— Aim of the exercise —
Write out every record below exactly as it appears, omitting the pictures.

──────── Available data ────────

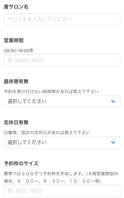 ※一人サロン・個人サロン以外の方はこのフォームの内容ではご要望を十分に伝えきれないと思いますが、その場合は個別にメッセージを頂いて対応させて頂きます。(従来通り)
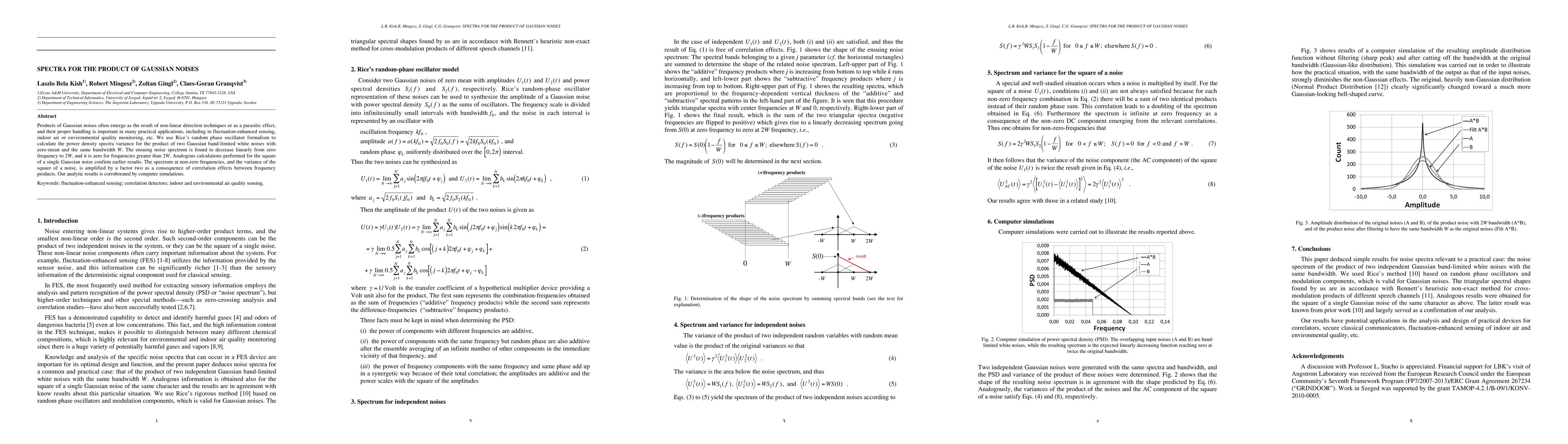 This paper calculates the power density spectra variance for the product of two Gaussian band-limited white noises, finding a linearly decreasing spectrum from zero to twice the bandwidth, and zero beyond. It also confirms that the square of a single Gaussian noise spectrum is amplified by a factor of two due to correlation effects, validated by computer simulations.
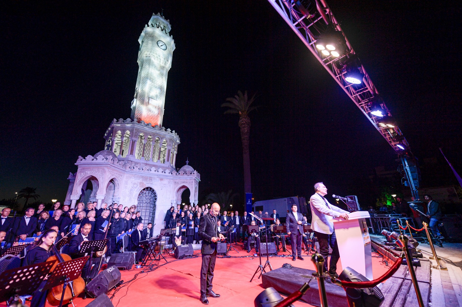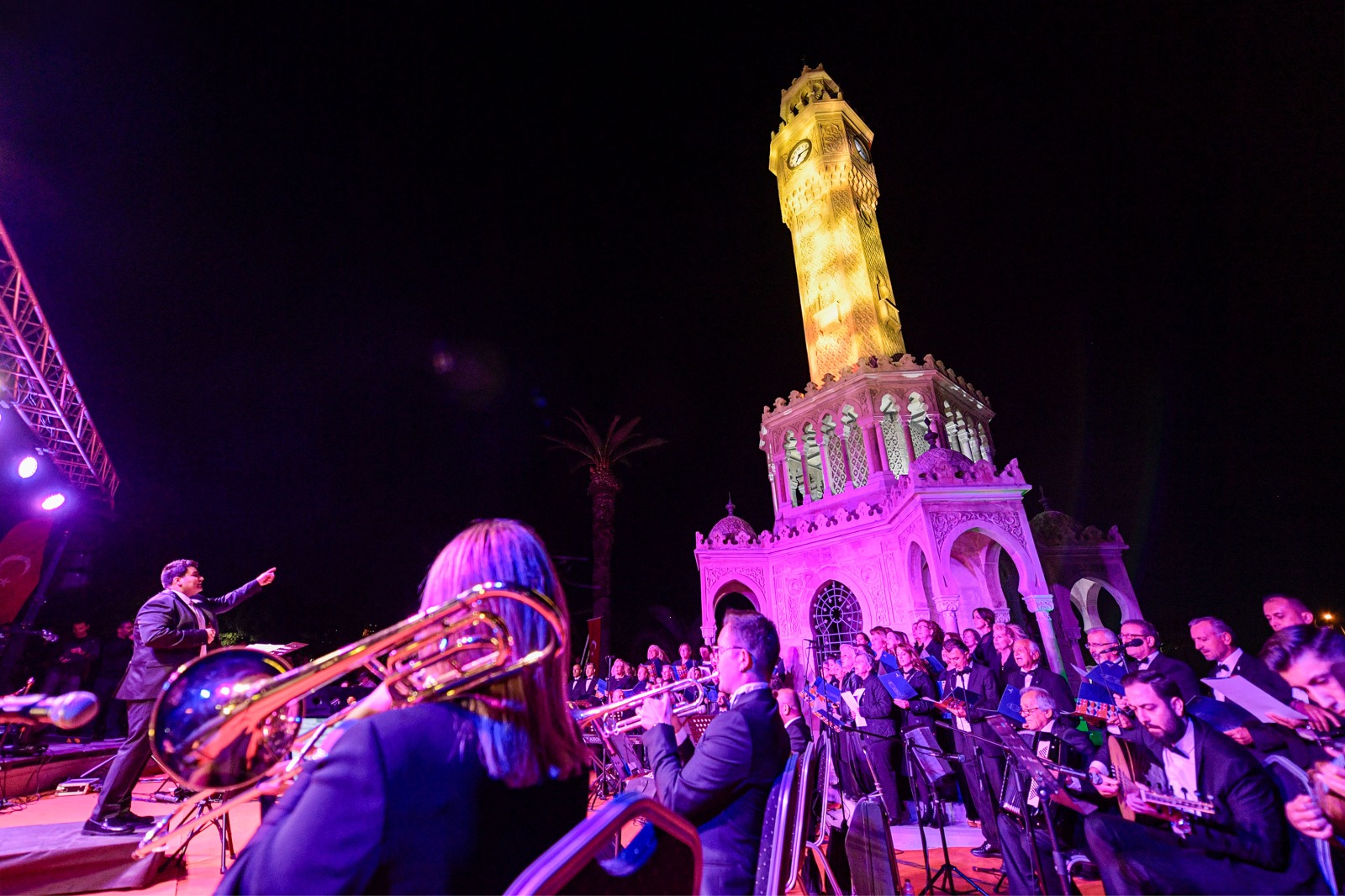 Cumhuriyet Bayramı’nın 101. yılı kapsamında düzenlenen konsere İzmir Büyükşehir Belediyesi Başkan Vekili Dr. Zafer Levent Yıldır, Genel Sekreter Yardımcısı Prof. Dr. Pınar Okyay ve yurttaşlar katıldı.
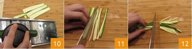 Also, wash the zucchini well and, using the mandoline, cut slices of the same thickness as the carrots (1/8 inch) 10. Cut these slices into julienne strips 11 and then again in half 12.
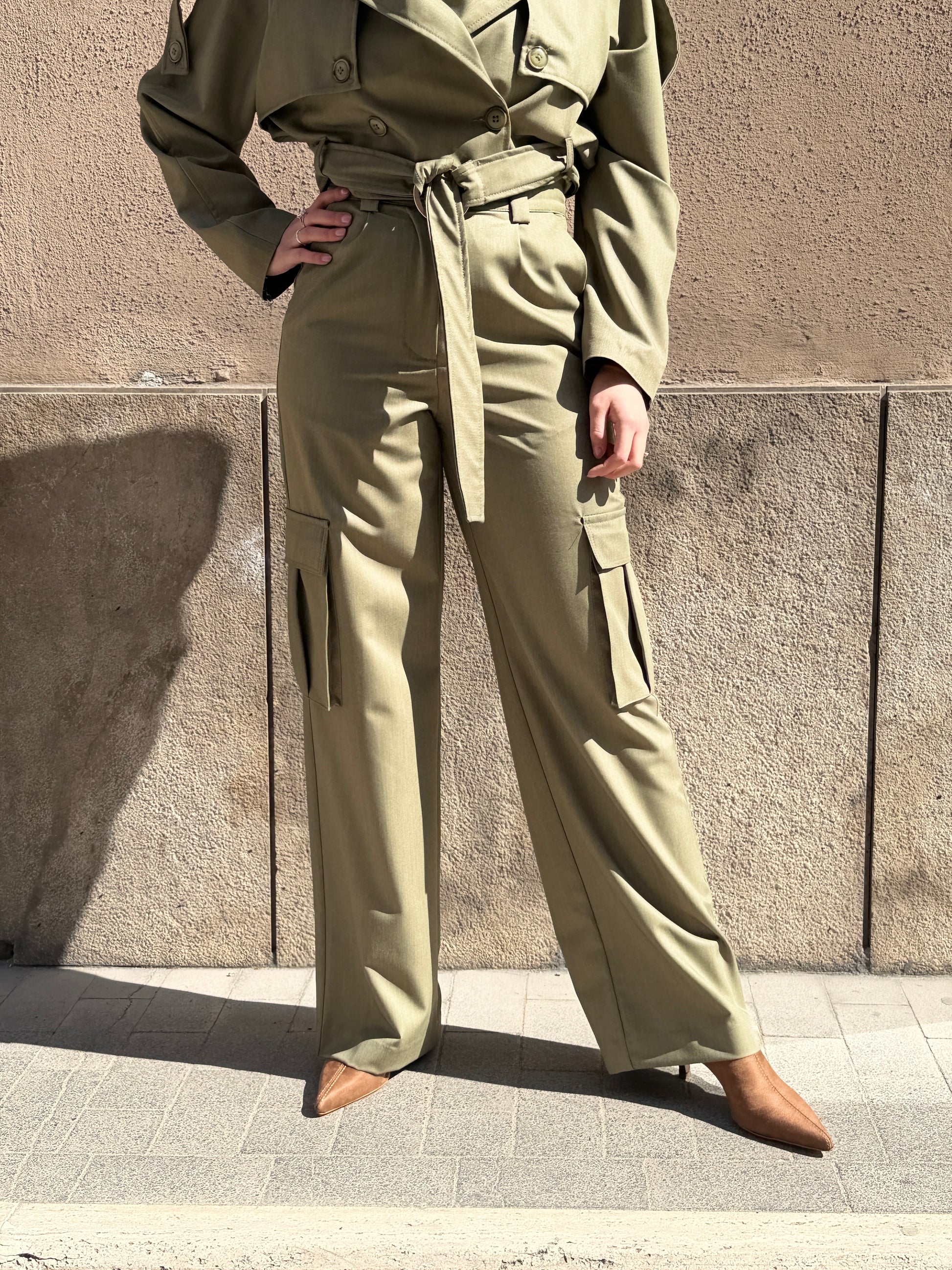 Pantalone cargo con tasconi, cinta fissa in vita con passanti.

────────

— Solution below —
 ※一人サロン・個人サロン以外の方はこのフォームの内容ではご要望を十分に伝えきれないと思いますが、その場合は個別にメッセージを頂いて対応させて頂きます。(従来通り)
 This paper calculates the power density spectra variance for the product of two Gaussian band-limited white noises, finding a linearly decreasing spectrum from zero to twice the bandwidth, and zero beyond. It also confirms that the square of a single Gaussian noise spectrum is amplified by a factor of two due to correlation effects, validated by computer simulations.
 Cumhuriyet Bayramı’nın 101. yılı kapsamında düzenlenen konsere İzmir Büyükşehir Belediyesi Başkan Vekili Dr. Zafer Levent Yıldır, Genel Sekreter Yardımcısı Prof. Dr. Pınar Okyay ve yurttaşlar katıldı.
 Also, wash the zucchini well and, using the mandoline, cut slices of the same thickness as the carrots (1/8 inch) 10. Cut these slices into julienne strips 11 and then again in half 12.
 Pantalone cargo con tasconi, cinta fissa in vita con passanti.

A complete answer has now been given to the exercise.